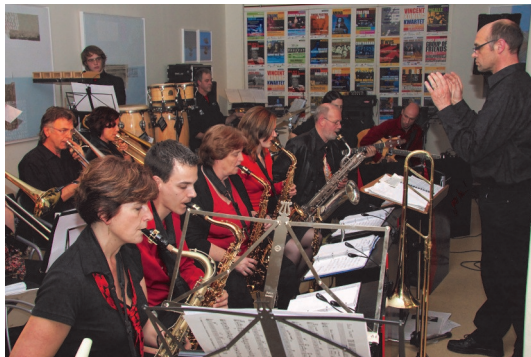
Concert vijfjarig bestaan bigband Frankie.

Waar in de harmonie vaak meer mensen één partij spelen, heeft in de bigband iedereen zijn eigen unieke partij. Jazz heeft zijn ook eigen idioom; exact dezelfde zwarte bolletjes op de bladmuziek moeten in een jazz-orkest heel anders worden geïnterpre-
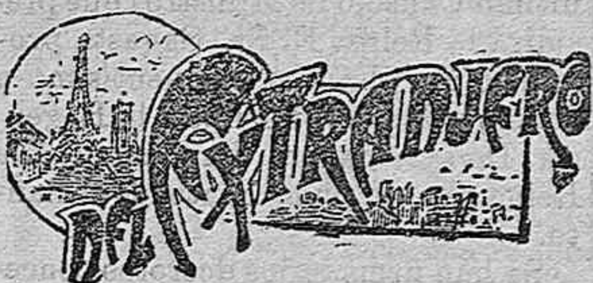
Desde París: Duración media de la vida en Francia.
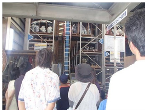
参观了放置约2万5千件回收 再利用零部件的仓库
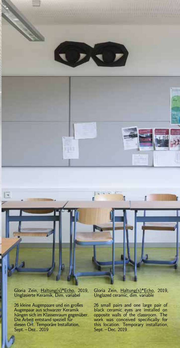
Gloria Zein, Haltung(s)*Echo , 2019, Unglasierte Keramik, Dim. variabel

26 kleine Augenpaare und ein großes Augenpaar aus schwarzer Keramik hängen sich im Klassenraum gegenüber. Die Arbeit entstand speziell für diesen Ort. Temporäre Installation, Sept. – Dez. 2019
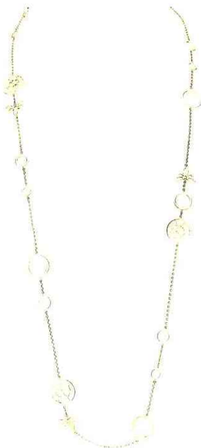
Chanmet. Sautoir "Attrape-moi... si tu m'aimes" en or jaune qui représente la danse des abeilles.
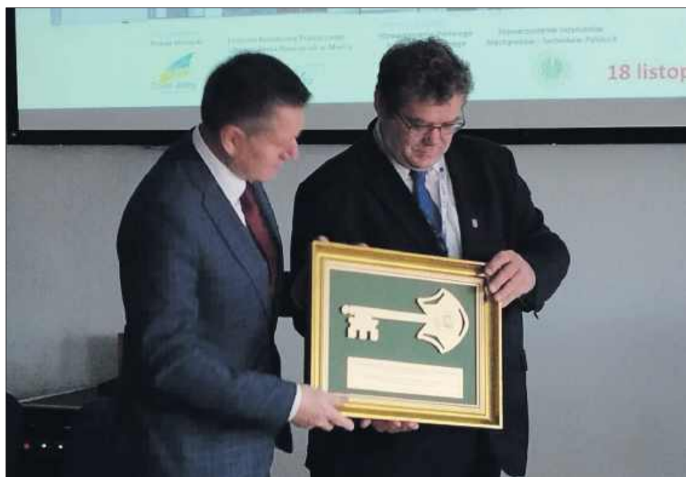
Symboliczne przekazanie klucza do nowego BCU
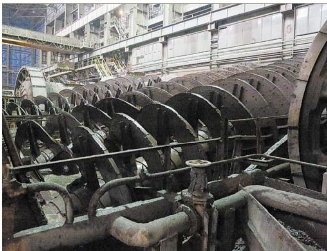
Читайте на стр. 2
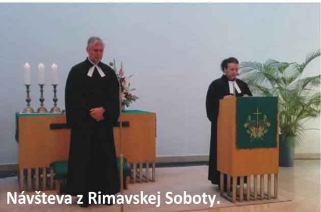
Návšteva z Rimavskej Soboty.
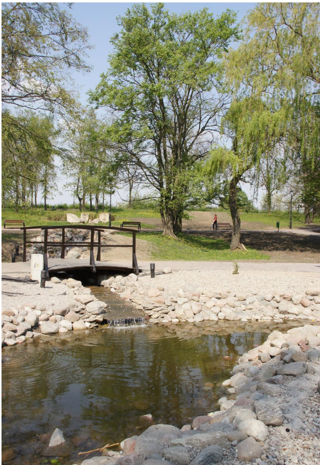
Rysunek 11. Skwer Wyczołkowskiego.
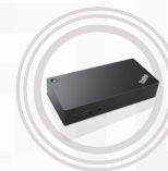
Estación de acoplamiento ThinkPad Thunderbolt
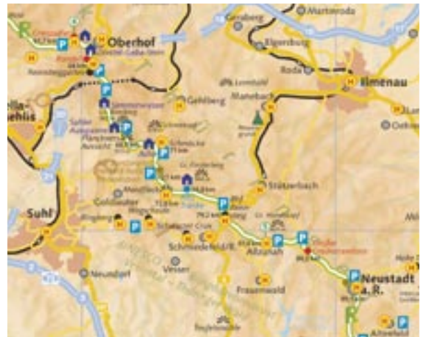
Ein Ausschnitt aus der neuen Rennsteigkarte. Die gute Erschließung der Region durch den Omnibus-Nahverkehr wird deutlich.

◆ ◆ ◆ ◆

**Task to complete**
If a line in the records contains the string "bigband", copy it out.

**Task response**
Concert vijfjarig bestaan bigband Frankie.
Waar in de harmonie vaak meer mensen één partij spelen, heeft in de bigband iedereen zijn eigen unieke partij. Jazz heeft zijn ook eigen idioom; exact dezelfde zwarte bolletjes op de bladmuziek moeten in een jazz-orkest heel anders worden geïnterpre-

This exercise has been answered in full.